Of Imperialism and Drinking Fountains: Student Activism and Everyday Politics in Brazil, 1955–90

Saturday, January 7, 2012: 12:10 PM
Old Town Room (Chicago Marriott Downtown)
Colin M. Snider, Stephen F. Austin State University
Throughout the latter half of the twentieth century, students were one of the most important political groups, often challenging governments and reshaping political, social, and cultural life in Brazil. A number of books in Portuguese and English have characterized students as one of the most radical groups in modern Brazilian history. While this portrayal is not inaccurate, its tendency to emphasize the radical language of student demands while overlooking the fact that student voices in this period were neither homogeneous nor consistent. Reforms that one generation of students could demand were labeled “imperialist” by another generation, only to be re-adopted by a later generation yet. It was not at all uncommon for students to find that their more extreme political views often bumped up against their daily experiences and desires as members. This paper looks at the ways students behaved on campuses and in society to understand the complex (and often contradictory) politics of daily life in Brazilian universities. I argue that students’ status as members of a respectable middle-class often led to contradictions between the official stances of student groups like the National Union of Students and students’ individual demands.

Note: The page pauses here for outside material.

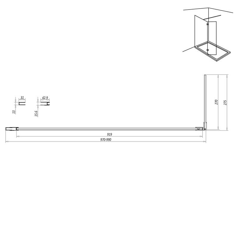 Orbit S8 Wet Room Glass with Deflector Panel (1000mm + 275mm) Wide - 8mm Glass

This paper uses the Brazilian university system to understand how calls for educationl reform tempered more fiery anti-imperialist rhetoric in the late-1950s and 1960s, resulting in more nuanced struggles for social change in the 1970s. By focusing on issues of class, culture, social status, and material expectations among students, this paper allows us to better understand ways in which student politics and practices shaped and were shaped by the social, cultural, and political contingencies of quotidian life in Brazil in the twentieth century. Simultaneously, it allows us to expand our interpretation of student politics beyond passionate rhetoric towards an understanding of the quotidian as political.